La prova che Lucy, forse il più famoso dei nostri antenati, fosse anche un’arrampicatrice era arrivata già tempo. Uno studio di qualche anno fa mostrava che a dispetto dell’indiscusso bipedismo, gli Australopithecus afarensis (di cui Lucy fa parte) non erano ancora del tutto scesi dagli alberi: le loro caratteristiche anatomiche suggerivano abilità a metà tra gli camminatori e gli scalatori. E abiliti scalatori erano in particolare i più piccoli della specie, come sembra suggerire uno studio pubblicato su Science Advances.
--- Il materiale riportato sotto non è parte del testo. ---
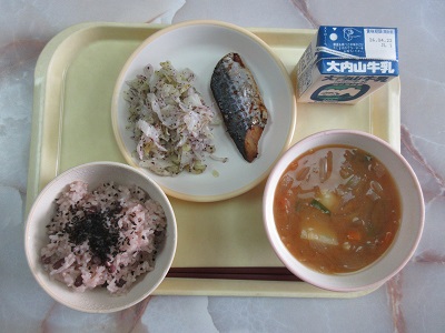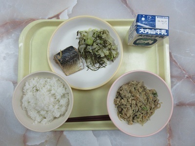 〇むぎめし サバのしょうがに おからのいりに キャベツのこんぶあえ 牛乳

E lo erano non a caso.
A far da spia è stato proprio il piede di un piccolo rappresentante di A.afarensis. Un rappresentante, così come Lucy, ben noto tra gli antropologi, che ha più di tre milioni di anni, arriva da Dikika (Etiopia), ed era una femmina di circa due anni e mezzo. Presentata ufficialmente nel 2006, la “bambina di Dikika” è oggi al centro degli studi del team di Jeremy DeSilva del Dartmouth College e fornisce indizi preziosi sull’evoluzione dell’anatomia, delle capacità di movimento degli ominidi di oltre tre milioni di anni fa. Ma permette di fare anche qualcosa di più: capire come si muovevano questi ominidi apre una finestra anche sulle loro abitudini, sul loro stile di vita.
Così è stato anche per le analisi condotte sul piede del fossile di Dikika, che mostra caratteristiche anatomiche a livello di un osso, il cuneiforme mediale, associate a una maggiore mobilità dell’alluce insieme a una maggiore fragilità nelle ossa nella parte posteriore del piede. Quanto osservato suggerisce che questi piccoli ominidi fossero abili a camminare su due gambe, ma potevano anche a restare abbracciati alle loro mamme mentre queste giravano in cerca di cibo ed erano anche abili anche ad arrampicarsi sugli alberi. Anzi potrebbero aver passato anche più tempo quassù che a terra, suggeriscono gli autori. Perché? “Se vivevi in Africa tre milioni di anni fa senza fuoco, senza alcuna struttura, e senza nessuno strumento di difesa, meglio era per te essere in grado di rifugiarti su un albero dopo il tramonto”, commenta De Silva.
La selezione dei tratti associati alle capacità di presa del piede in un contesto di vita arboricola o dipendenza dalle cure durante l’età infantile, concludono gli autori, potrebbe fornire nuove spiegazioni alle ragioni del mantenimento dei tratti più tipici delle scimmie di A. afarensis. Ancora considerati però, almeno da adulti, arrampicatori solo occasionali.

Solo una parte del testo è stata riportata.